She nearly fainted from happiness. “Mr. Bracken? Is that you? I’m well! We are all well, thanks to you. But where have you been these past days?” There was a pause in which Mrs. Begonia began to fear that she had imagined her friend’s voice. Then, with many hesitations, he whispered, “…I’m glad you’re well. I’ve been worried these several days for you.… I came as soon as I could.… One of my brothers who visited you found me. He… he was very angry that I had warned you. My leg was broken in our argument and it’s now just healed enough to visit you.” Tears wet the feathers of the hen’s face and neck. “Won’t you come where I can see you?” she asked. The fern rustled. Mr. Bracken limped into the pink rays of the sunset. His front right leg was mangled and misshapen. He stumbled and fell, shivering in the cool twilight air. Without another word, Mrs. Begonia sat snug to her friend’s flank and laid her head on his back. Back at the farm, Hickory and Hemlock had found that they had finished their chores with half an hour to spare. Excitedly, they raced to the woods in order to begin their foxhunt. “I smell one already!” growled Hemlock. “This way!”

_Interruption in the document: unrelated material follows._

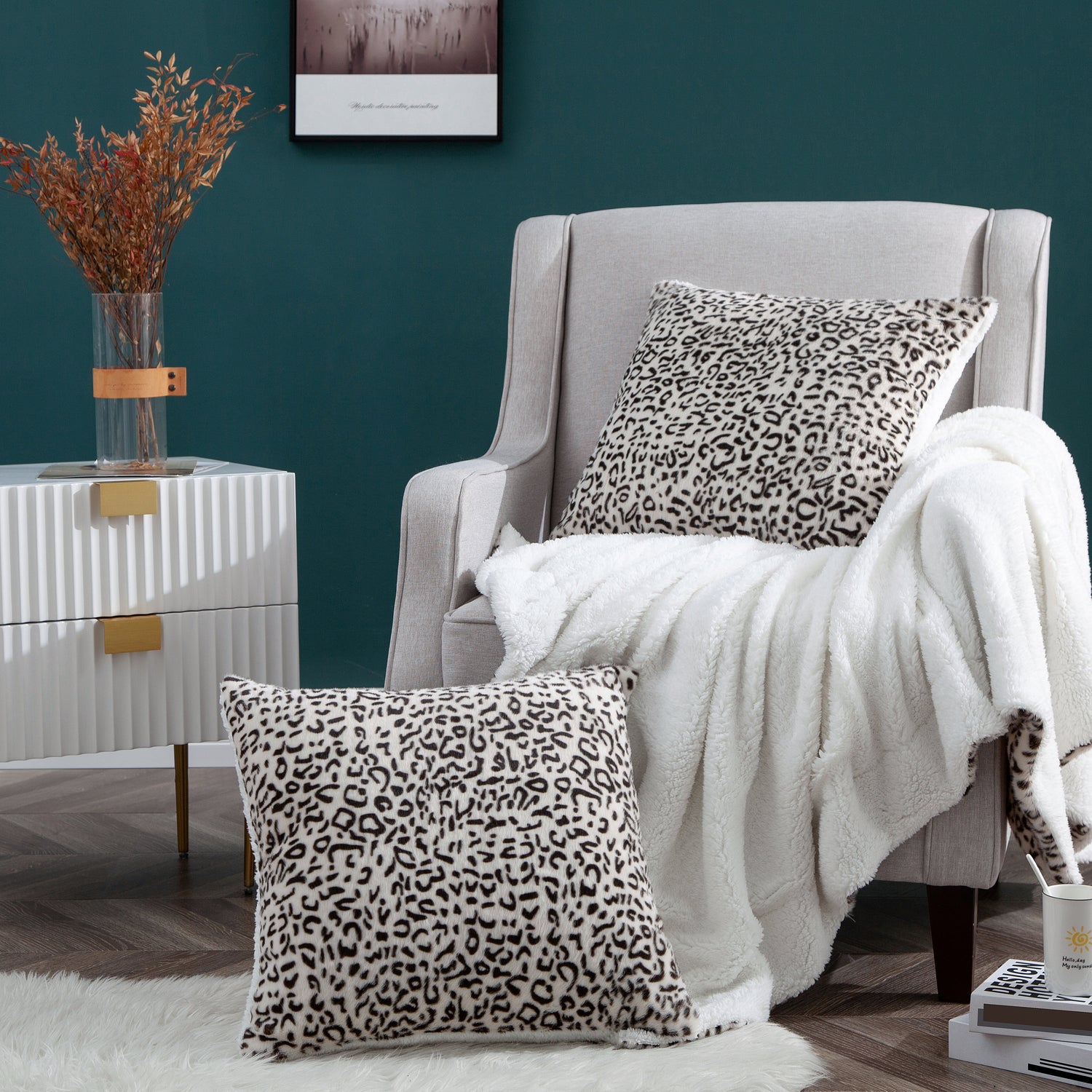 - Face side of these pillow covers is made of 100% Polyester premium faux fur, back side material is sherpa, making this cushion cover extremely soft, skin-friendly, cozy, comfy, thick and warm enough to touch and lay on. With off-white base, chic, rustic and trendy snow leopard design, this pillow covers set can easily coordinate with your home décor. We believe they will upgrade your room and infuse personality to your home.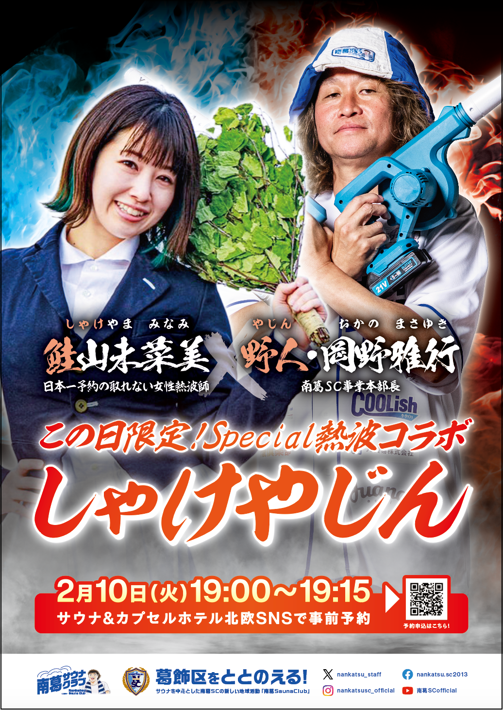 南葛SCは、「葛飾区をととのえる」を合言葉に、南葛SC現役選手が熱波師を務める地域施策「南葛サウナクラブ」の出張企画として、2026年2月10日(火)、サウナ&カプセルホテル北欧(東京都台東区上野)にて『南葛サウナクラブ出張熱波・第二弾 in サウナ北欧』を開催します。

Mrs. Begonia jumped. The dogs were sprinting straight towards them. She knew from their panting and frothing what their intentions were. She tried to push Mr. Bracken to his feet, but it caused him so much pain, she gave up. The dogs were almost on top of them. She hopped in front of the fox and wildly flapped her wings. “Stop, Hickory! Stop, Hemlock! Mr. Bracken is not a thief !” Her words broke off into many frantic and unintelligible clucks that were so bizarre the dogs slowed their pace. Mrs. Begonia breathed deeply and tried to explain, but by that time, the
fox had risen to his feet and limped toward the woods. Hickory, seeing the limp, took him for the fox he had wounded over a week ago and was filled with a raging thirst. In a second, the hen was pushed away from her friend. She was stunned, frozen. Then a yelp from Mr. Bracken woke her from her shock. With all the fury that any hen could muster, she threw herself, claw and beak, onto Hickory. She beat her wings against him and squawked as loud as she could. Not so much pained as annoyed, Hickory turned to Mrs. Begonia, lifting his ears in question. Seizing the moment, she rushed to the sprawled form of Mr. Bracken, pressed herself close to the ground, and nudged her friend’s head. His coat looked a darker hue than normal. It was so hard to tell in the dusk. Weakly, Mr. Bracken opened just one of his eyes. Mrs. Begonia tried to say something, but words stuck in her throat until, “You must take a bath before tomorrow, Mr. Bracken.”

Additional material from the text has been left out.